Dampak sosialnya pun tak kalah penting. Pengakuan internasional ini menumbuhkan rasa bangga yang mendalam di kalangan masyarakat Lombok, memperkuat identitas lokal mereka sebagai penjaga warisan alam dan budaya yang tak ternilai. Keterlibatan aktif dalam pengelolaan geopark juga memberdayakan komunitas, meningkatkan kapasitas mereka dalam perencanaan, pengelolaan, dan kewirausahaan. Hal ini akan memperkuat solidaritas sosial dan memastikan bahwa manfaat dari geopark dirasakan secara merata. Dari sisi lingkungan, status Kartu Hijau adalah jaminan bahwa konservasi akan terus menjadi prioritas utama, dengan praktik-praktik pengelolaan yang berkelanjutan dan berbasis ilmu pengetahuan terus diterapkan untuk melindungi keanekaragaman hayati dan geologi kawasan.
Untuk wisatawan dan pembaca yang tertarik untuk berkontribusi pada keberlanjutan Geopark Rinjani, ada beberapa tips penting yang bisa diterapkan. Pertama, selalu patuhi aturan yang berlaku di kawasan geopark, termasuk jalur pendakian yang ditetapkan dan larangan membuang sampah sembarangan. Praktikkan prinsip "Leave No Trace" atau tidak meninggalkan jejak, yang berarti membawa kembali semua sampah Anda dan tidak merusak lingkungan. Kedua, dukung ekonomi lokal dengan membeli produk-produk dari masyarakat setempat dan menggunakan jasa pemandu lokal yang berlisensi. Ini tidak hanya membantu meningkatkan kesejahteraan mereka tetapi juga memberikan pengalaman yang lebih otentik dan mendalam. Ketiga, jadilah agen edukasi; sebarkan informasi mengenai pentingnya Geopark Rinjani dan ajak orang lain untuk berwisata secara bertanggung jawab.

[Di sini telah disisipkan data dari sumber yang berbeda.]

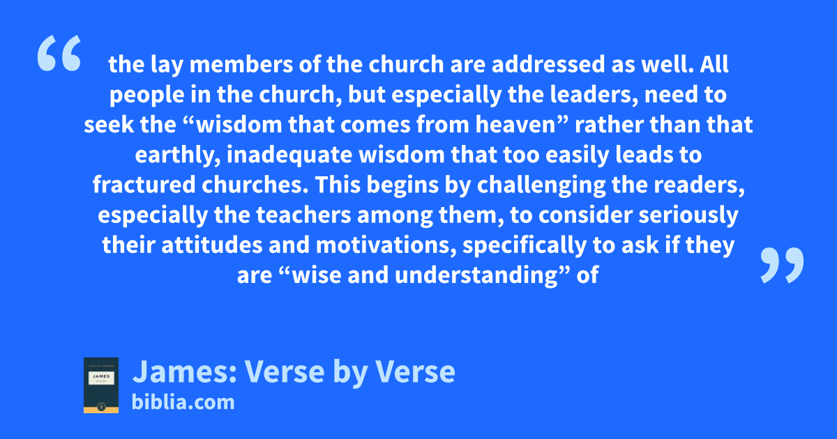 the lay members of the church are addressed as well. All people in the church, but especially the leaders, need to seek the “wisdom that comes from heaven” rather than that earthly, inadequate wisdom that too easily leads to fractured churches. This begins by challenging the readers, especially the teachers among them, to consider seriously their attitudes and motivations, specifically to ask if they are “wise and understanding” of

Pencapaian ini adalah tonggak sejarah yang mengukuhkan posisi Geopark Rinjani-Lombok sebagai model pengelolaan taman bumi yang berkelanjutan dan terintegrasi. Ini adalah bukti bahwa dengan visi yang kuat, kerja keras kolektif, dan komitmen terhadap standar global, sebuah kawasan dapat meraih pengakuan dunia sambil tetap memberdayakan masyarakat dan melestarikan lingkungan. Geopark Rinjani-Lombok kini berdiri tegak sebagai contoh nyata bagaimana warisan geologi dapat menjadi katalisator bagi pembangunan berkelanjutan, menginspirasi daerah lain di Indonesia dan di seluruh dunia untuk mengikuti jejaknya dalam menjaga kekayaan bumi demi masa depan bersama.